By default, the correlation id appears as shown in the example above. You may change that by defining a CID_SQL_COMMENT_TEMPLATE that is a string with a cid format parameter:

CID_SQL_COMMENT_TEMPLATE = 'correlation={cid}'
Inclusion of the correlation id in templates

django-cid provides a template context processor that adds the correlation id to the template context if it is available. To enable it, you need to add it in the list of TEMPLATE_CONTEXT_PROCESSORS in the settings:

TEMPLATE_CONTEXT_PROCESSORS = (
    # other template processors
    'cid.context_processors.cid_context_processor',
)

It will add a context variable correlation_id if a correlation id is available. You may include it in your template with the follwing snippet:

{% if correlation_id %}
    <meta name="correlation_id" content="{{ correlation_id }}">
{% endif %}

API

cid.locals.generate_new_cid(upstream_cid=None)

Generate a new correlation id, possibly based on the given one.

cid.locals.get_cid()

Return the currently set correlation id (if any).

If no correlation id has been set and CID_GENERATE is enabled in the settings, a new correlation id is set and returned.

FIXME (dbaty): in version 2, just return getattr(_thread_locals, ‘CID’, None) We want the simplest thing here and let generate_new_cid do the job.

cid.locals.set_cid(cid)

Set the correlation id for the current request.

Contributing

Contributions are welcome, and they are greatly appreciated! Every little bit helps, and credit will always be given.

You can contribute in many ways:

Types of contributions
Report bugs

Report bugs at https://github.com/Polyconseil/django-cid/issues.

If you are reporting a bug, please include:

  • the versions of django-cid, Django and Python;
  • any details about your local setup that might be helpful in troubleshooting;
  • detailed steps to reproduce the bug.
Write documentation

django-cid could always use more documentation. Don’t hesitate to report typos or grammar correction.

Submit feedback

The best way to send feedback is to file an issue at https://github.com/Polyconseil/django-cid/issues.

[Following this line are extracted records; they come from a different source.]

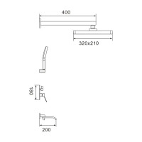 Верхний душ прямоугольной формы размером 320х210 мм выполнен из ABS-пластика с силиконовыми форсунками, которые легко очищаются от известкового налета. Верхний душ крепится к настенному кронштейну длиной 40 см через шарнир, позволяющий поворачивать его по всей оси для удобства использования.
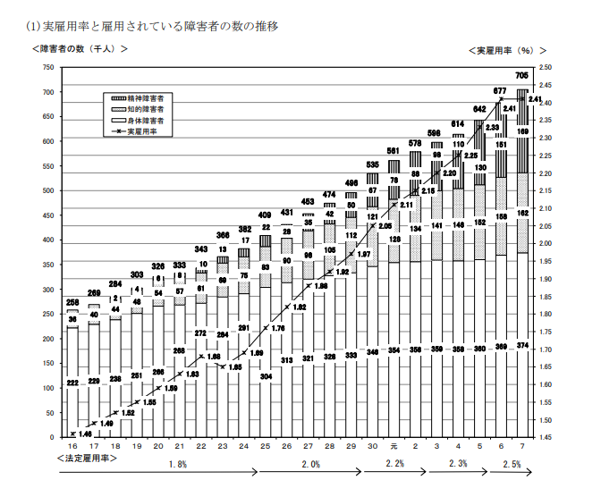 そして2026年7月には、現在の法定雇用率である2.5%から2.7%への引き上げも決まっています。
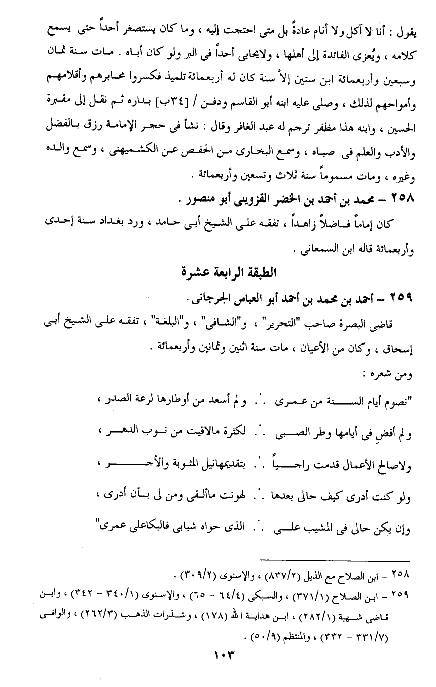 259 - ابن الصلاح (1/ 371)، والسبكى (4/ 64 - 65)، والإسنوى (1/ 340 - 342)، وابن قاضى شهبة (1/ 282)، ابن هداية اللَّه (178)، وشذرات الذهب (3/ 262)، والوافى (7/ 331 - 332)، والمنتظم (9/ 50).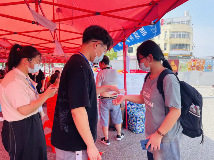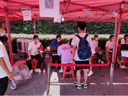 公司新生严格按照学校疫情防控规定要求入校。在来校前,所有员工已上传健康码、行程码、疫苗证明,报到时再次确认并消杀测温、查看核酸报告;其次,扫码签到进行资格审查,最后发放员工手册等物资,入住寝室。虽然戴着口罩,但大家微笑的眼神,热情的话语、忙碌的身影构成了有爱的迎新画面。
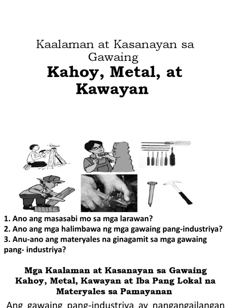 Mga Kaalaman Sa Gawaing Kahoy, Metal, Kawayan at Iba Pang Lokal Na Materyales Sa | PDF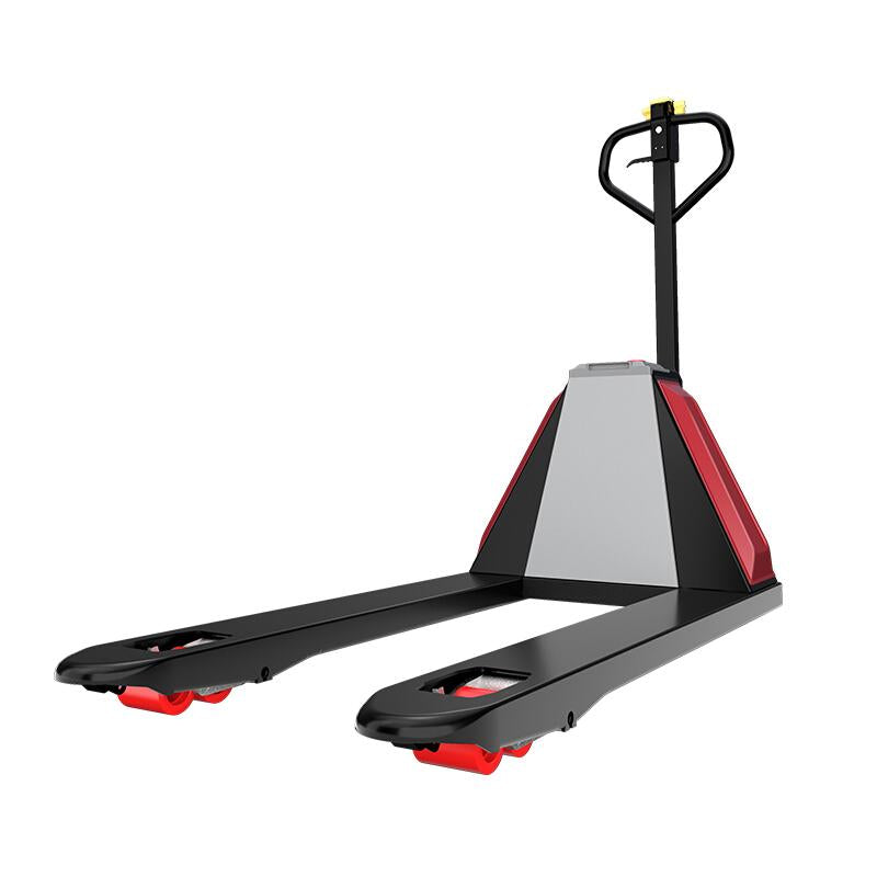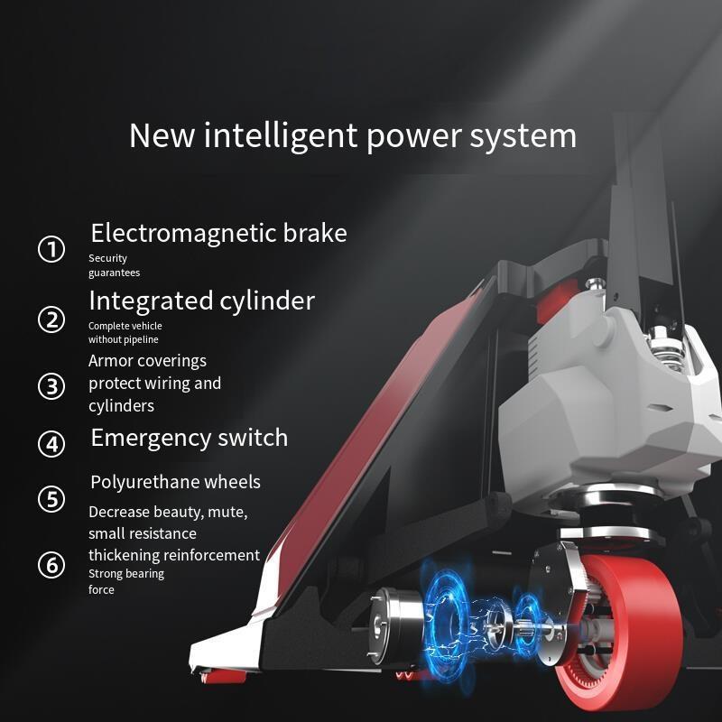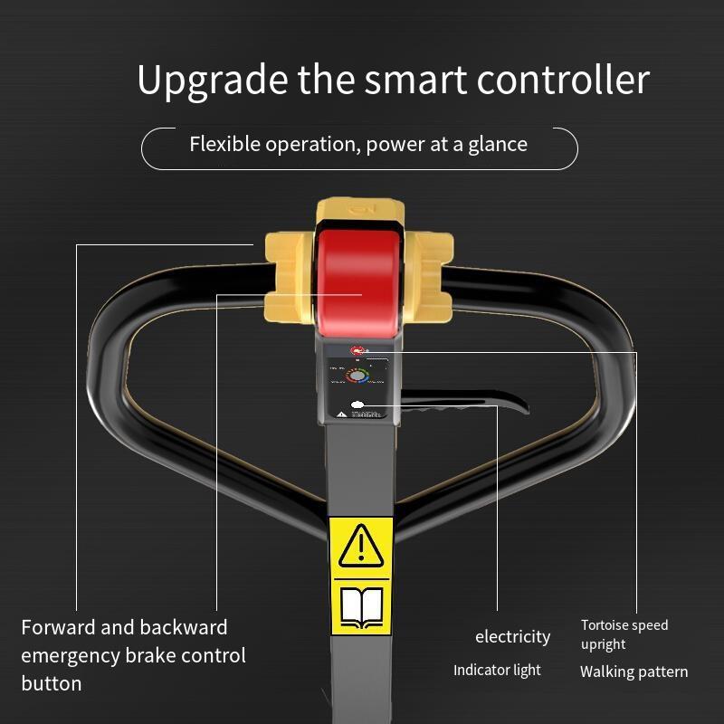 This is a fully electrical hydraulic pallet truck. It utilizes lithium battery which has a high capacity. Due to the lithium battery, the power of this machine is strong, you can move it as you want. At the same time, it is convenient to change the battery. The steel this machine uses is very eminent and is thickened. With this thickened steel, this machine can bear heavy items. And, this pallet truck has intelligent warning system, the machine will slow down at low power and give you a warning to charge.
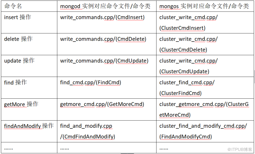 mongod 实例的写操作命令 ( 增、删、改 ) 由 write_commands.cpp 文件实现,该文件中的 CmdInsert 、 CmdDelete 、 CmdUpdate 类分别对应具体的增、删、改命令操作。读操作命令由 find_cmd.cpp 文件实现,对应命令类为 FindCmd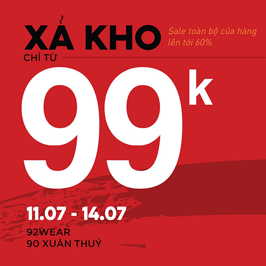92WEAR xả kho chỉ từ 99k nhiều sản phẩm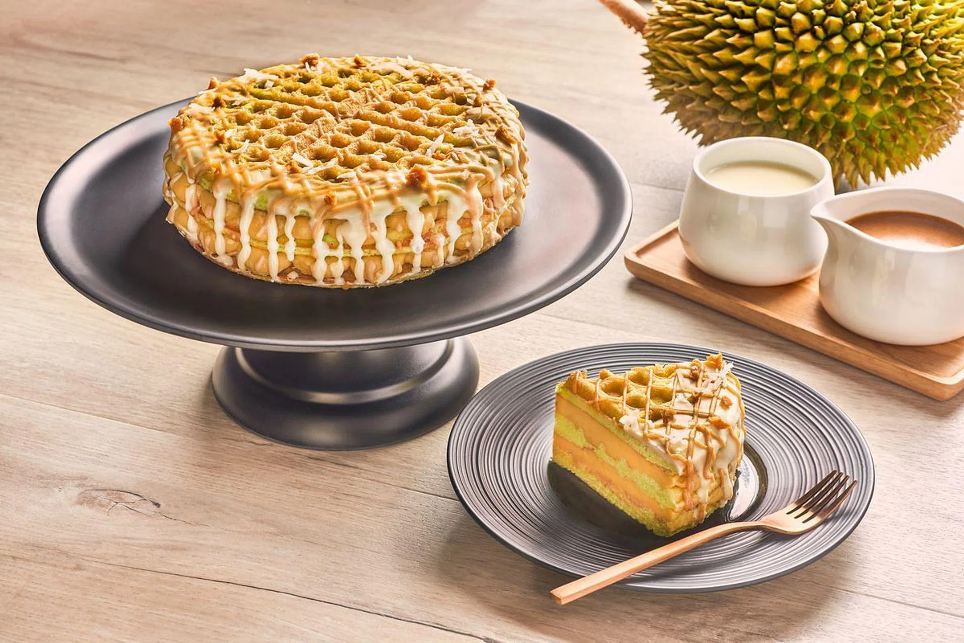 New creations this year include the D24 pandan waffle cake – a mash-up of the mille-feuille and a local favourite that sees pandan waffles layered with durian pulp and topped with caramelised coconut sauce, gula melaka coconut crumble, and desiccated coconut. There's also a take on the mont blanc, here rendered with purple sweet potato and durian pulp that sits on a chestnut almond cream tart shell.

If you are proposing a feature:

  • Explain in detail how it would work.
  • Keep the scope as narrow as possible, to make it easier to implement.
  • Remember that this is a volunteer-driven project, and that contributions are welcome. :)
Get started!

Ready to contribute? Here’s how to set up django-cid for local development.

  1. Fork the django-cid repo on GitHub.

  2. Clone your fork locally:

    $ git clone git@github.com:your_name_here/django-cid.git
    
  3. Set up a virtual environment and install the dependencies:

    $ pip install -e .
    $ pip install -r requirement/tests.txt
    
  4. Create a branch for local development:

    $ git checkout -b name-of-your-bugfix-or-feature
    

Now you can make your changes locally.

  1. Test your changes locally by running make test.
  1. Commit your changes and push your branch to GitHub:

    $ git add .
    $ git commit -m "Your detailed description of your changes."
    $ git push origin name-of-your-bugfix-or-feature
    
  2. Submit a pull request through the GitHub website.

Sandbox project

The repository has a sandbox directory that contains a Django project that showcases features and may help in testing and debugging. It does not replace automated tests, though.

Install django-cid and you can run the server:

$ cd sandbox
$ ./manage.py runserver
[...]
Starting development server at http://127.0.0.1:8000/

The home page at http://127.0.0.1:8000/ is self-documented.

Pull request guidelines

Before you submit a pull request, check that it meets these guidelines:

  1. The pull request should include tests.
  2. If the pull request adds functionality, the docs should be updated.
  3. The pull request should work for all supported versions of Python and Django. Check https://travis-ci.org/Polyconseil/django-cid/pull_requests and make sure that the tests pass for all supported Python versions.

Releasing a new version

We use the excellent zest.releaser tool to make new releases. There is a Makefile rule that does a bit more cleaning beforehand. Just type:

make release

And then follow the instructions.

We try to use semantic versioning, i.e. use MAJOR.MINOR.PATCH version numbers with:

  • MAJOR version when we make incompatible API changes;
  • MINOR version when we add functionality in a backwards-compatible manner;
  • PATCH version when we make backwards-compatible bug fixes.

Although the distinction between MINOR and PATCH has not always been followed, the changelog should be clear enough.

Credits

Original author: Jonathan Moss <jonathan.moss@snowballone.com.au>.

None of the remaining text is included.